Che si tratti di incidere profondamente sulla mentalità lo ha compreso anche la Provincia di Bolzano che da alcuni anni propone campagne di sensibilizzazione allo scopo di ridurre il consenso sociale legato all’abuso di alcol.

Al di là dell’alcoldipendenza, che riguarda la storia personale del singolo individuo, l’abuso settimanale di alcol è un fenomeno globale e locale allo stesso tempo. I giovani e giovanissimi che bevono non sono altro che lo specchio di una società che beve e che tollera il fenomeno con una certa compiacenza. Diversamente da quanto avviene per le dipendenze da droga, i ragazzi bevono così come fanno i loro padri e come hanno fatto i loro nonni. Il paradosso, se vogliamo, è questo: i nostri giovani infrangono le regole degli adulti imitando gli adulti stessi.

Non c’è dubbio che l’abuso di alcol sia connesso ad un problema di comunicazione. L’alcol scioglie la lingua, toglie le timidezze. Attenua la paura che molti di noi provano in un mondo in cui si moltiplicano gli strumenti di comunicazione e i messaggi, ma cala la capacità relativa del singolo di cogliere gli elementi comunicativi davvero utili o indispensabili alla propria vita.

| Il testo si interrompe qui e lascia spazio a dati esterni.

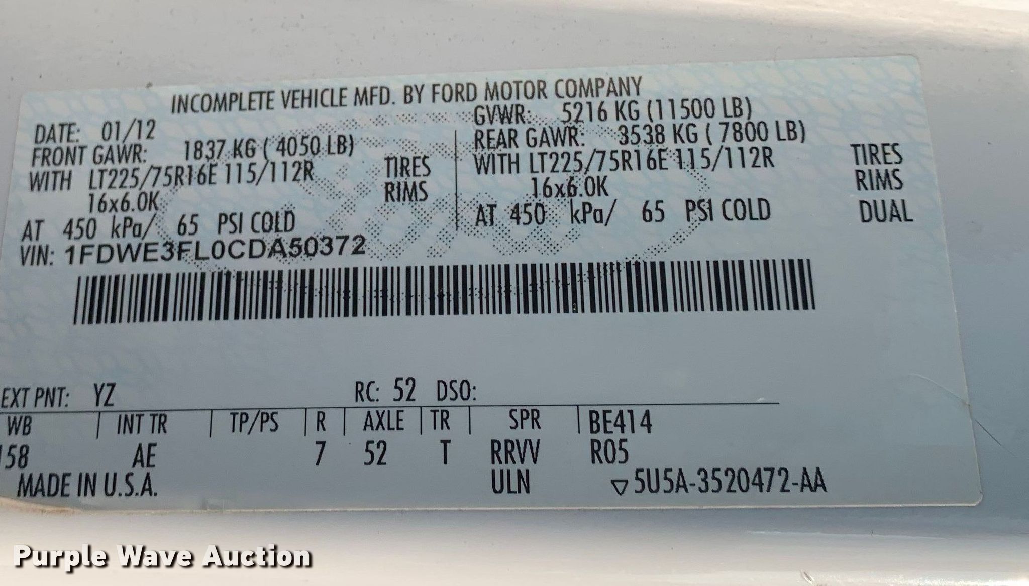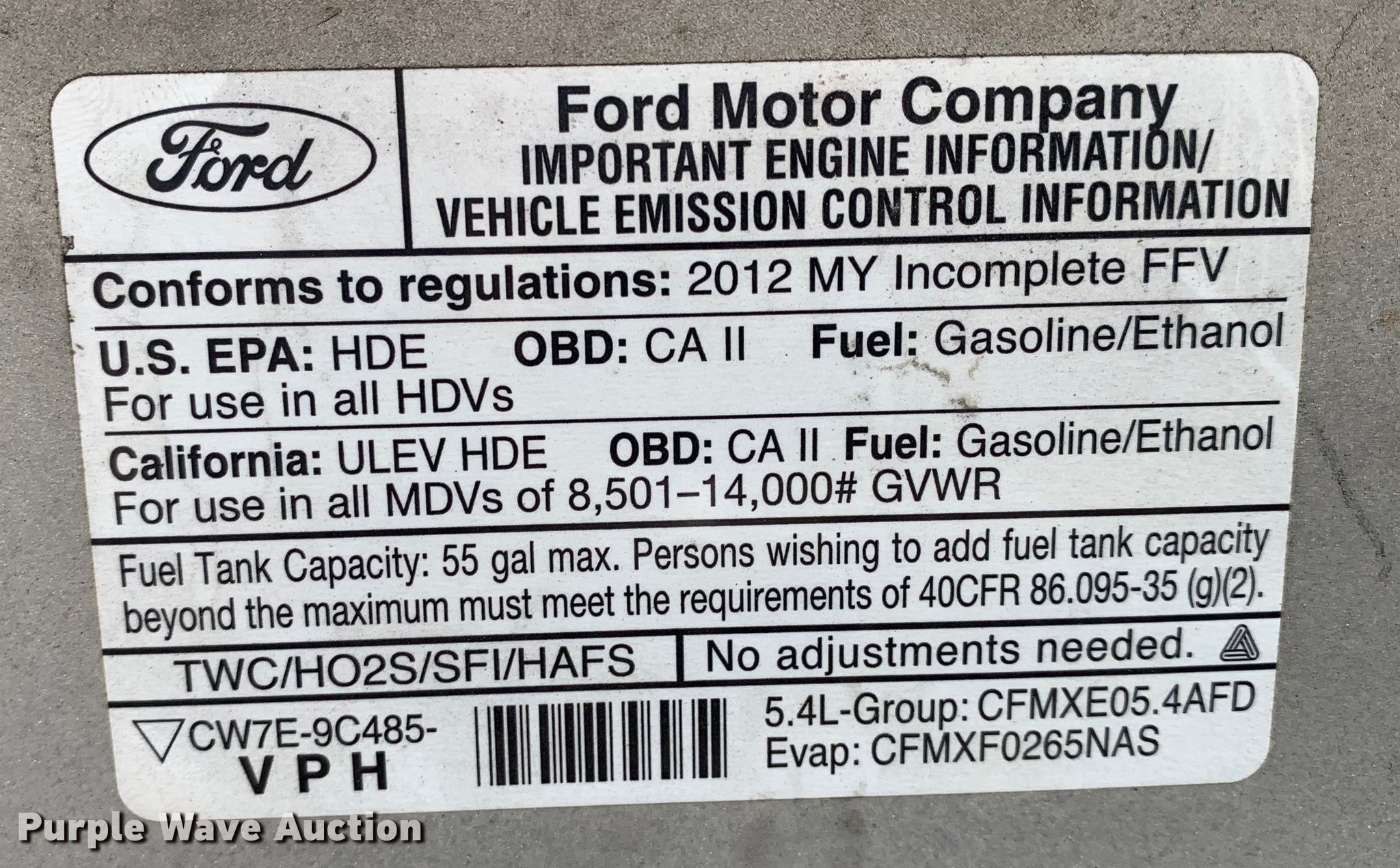 2012 Ford E350 Super Duty sewer inspection truck. Miles: 70,270 on odometer, VIN: 1FDWE3FL0CDA50372, Unit #: 12295. Engine Ford, Displacement: 5.4L V8 SOHC, Cylinders: 8, Fuel type: Gas. Transmission Automatic. Chassis Axles: Single, Suspension: Spring, Brakes: Hydraulic, GVWR: 11,500 lbs. Interior AC, Heat. Features Box bed 14' L x 100" W x 76" H, Floor: Wood, Sewer inspection equipment Enviorsight Rovver X 130 camera, Monitor, Hose reel. Tires Size: 225/75R16. Notes Contents included. View repairs. Texas title. Seller is a government entity who will be assigning and distributing the title. Please contact the seller for distribution questions. City of Tyler, TX. Tyler, TX 75702

In Alto Adige (come anche altrove) la sbronza del sabato sera è una realtà che si vive in gruppo. È segno, in qualche modo, di una società che impone il conformismo. Bevo perché bevono gli altri. Se non bevessi sarei escluso dal gruppo. I paralleli sul piano culturale e socio-politico, nella terra delle identità esasperate, dei tradimenti e delle opzioni, sono abbastanza evidenti. La creazione di identità spesso richiede una (almeno) parziale perdita di memoria.

Chi cerca rifugio nell’alcol, infine, risponde così al senso di vuoto che percepisce attorno a sé. È vero, bevevano anche i nostri antenati del 1839. Ma forse oggi i giovani soffrono particolarmente del nulla valoriale che ereditano dal mondo degli adulti. Se i valori a cui puntare sono l’erigere muri per meglio distinguersi dagli altri e la creazione di nuovi confini identitari, non c’è da stupirsi del loro disorientamento nella fase del passaggio all’età “della ragione”. Se la meta proposta sono il successo e l’arricchimento personale ad ogni costo, allora è “normale” che essi lavorino sodo per sei giorni e il settimo aprano le valvole dello sfogo. E se continueranno a pensare che la loro vita non vale la pena di essere vissuta, nessun codice della strada sarà capace di tenerli lontani dal volante, anche dopo il sesto o il settimo bicchiere.